The choice of kernel function type directly affects the model’s nonlinear mapping capability and domain adaptation generalization performance. Currently, five kernel functions are commonly used: linear, polynomial, sigmoid, Laplacian, and Gaussian Radial Basis Function (RBF). Each has its own characteristics. The Gaussian RBF kernel function is the most widely used and versatile in practical applications, making it the most effective choice for the kernel function in both MK-MMD and JMMD mapping methods.

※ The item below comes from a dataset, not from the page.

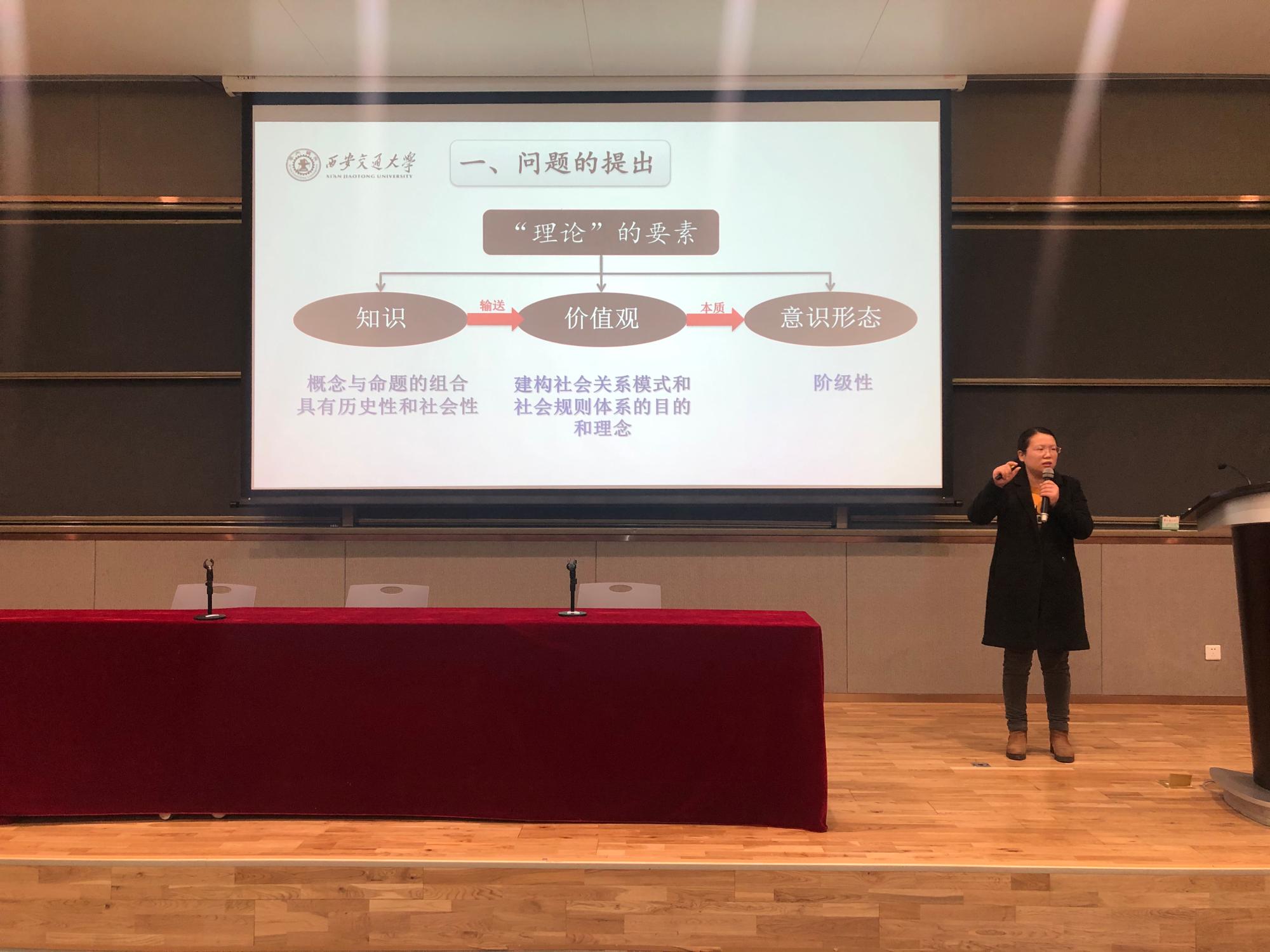 首先,李娟老师以“知识——价值观——意识形态”为阐释线索,剖析了“西方宪政理论”产生的本质,并从理论要素、合理贡献、逻辑问题、适用条件和合理价值五个方面分析了社会契约论的合理贡献与逻辑问题。她认为,一方面,资本主义社会契约论为反对“君权神授”的封建专制,主张人性解放、私有制市场经济发展提供了价值指导。另一方面,社会契约论只在横向层面对商品平等交换关系加以阐发,忽视了纵向层面阶级统治的不平等关系,进而掩盖资产阶级国家的本质。与此同时,李老师运用大量生动形象的案例,为大家详细解释了社会契约论的合理性和局限性。此次讲座内容丰富、逻辑性强、信息量大,令人获益匪浅。本次学术活动在热烈的掌声中圆满结束。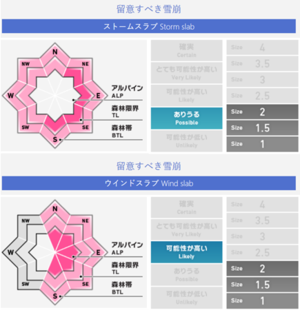 その日に警戒したい「雪崩の種類」が、どの標高帯と方位にあるのか、そして、その雪崩の「誘発の可能性」と、発生した場合の「規模」をグラフィカルなイラストで表現しています。これにより、行動者はフィールドで、どのような「地形選択」がより良いのかを理解することができます。

The choice of kernel size directly impacts the density and dimensionality of the feature space. Additionally, the kernel size affects the bandwidth parameter
γ of the RBF, which in turn influences the smoothness and complexity of the model’s decision boundary. Typically, a kernel size that is too large increases both the feature space dimensionality and the bandwidth
γ, making the model more complex and raising the risk of overfitting. Conversely, a kernel size that is too small simplifies the feature space and reduces
γ, which enhances generalization but sacrifices the model’s ability to capture complex data features. Therefore, determining the appropriate kernel size through gradient change experiments is crucial for measuring distribution differences and improving feature alignment between the source and target domains. Diagnostic tests were conducted using kernel size gradient change experiments and the results are shown in
Table 9.
According to the experimental results, the performance of both MK-MMD and JMMD is influenced by changes in kernel size. The performance of MK-MMD is more significantly affected by kernel size, with its performance exhibiting a trend of increasing and then decreasing. For MK-MMD, the highest diagnostic accuracy in the target domain is achieved with a kernel size of 5, whereas for JMMD, the highest diagnostic accuracy is attained with a kernel size of 6. However, the difference in accuracy between kernel sizes 5 and 6 is only 0.53%.
- (3)
Domain adversarial discriminator network structure parameters
In adversarial networks, the discriminator primarily consists of fully connected layers. Therefore, the structure of these layers directly impacts the performance of the discriminator in domain adversarial discrimination tasks. The number of layers and the number of neurons in each fully connected layer are hyperparameters that need to be optimized through experiments. For cross-domain diagnostic tasks, the optimized experimental results for the fully connected layer parameters in the discriminators of DAN (Domain Adversarial Network) and JAN (Joint Adversarial Network) are shown in
Table 10 and
Table 11.
From the experimental results, it can be observed that for DAN, the discriminator performs well with a single fully connected layer, achieving effective feature alignment between domains during domain adversarial training. The optimal number of neurons for this configuration is 256. In contrast, the JAN discriminator demonstrates the strongest adaptation capability to the target domain with two fully connected layers, each containing 128 neurons. This improved performance may be attributed to the inclusion of joint distributions between output and input, which increases the dimensionality and complexity of the adversarial training features. Consequently, the discriminator benefits from deeper fully connected layers to enhance its nonlinear expression capability and improve domain adaptation. In summary, the optimal structure for DAN is a single layer with 256 neurons, while for JAN, it is two layers with 128 neurons each, which yields the best results for fault diagnosis.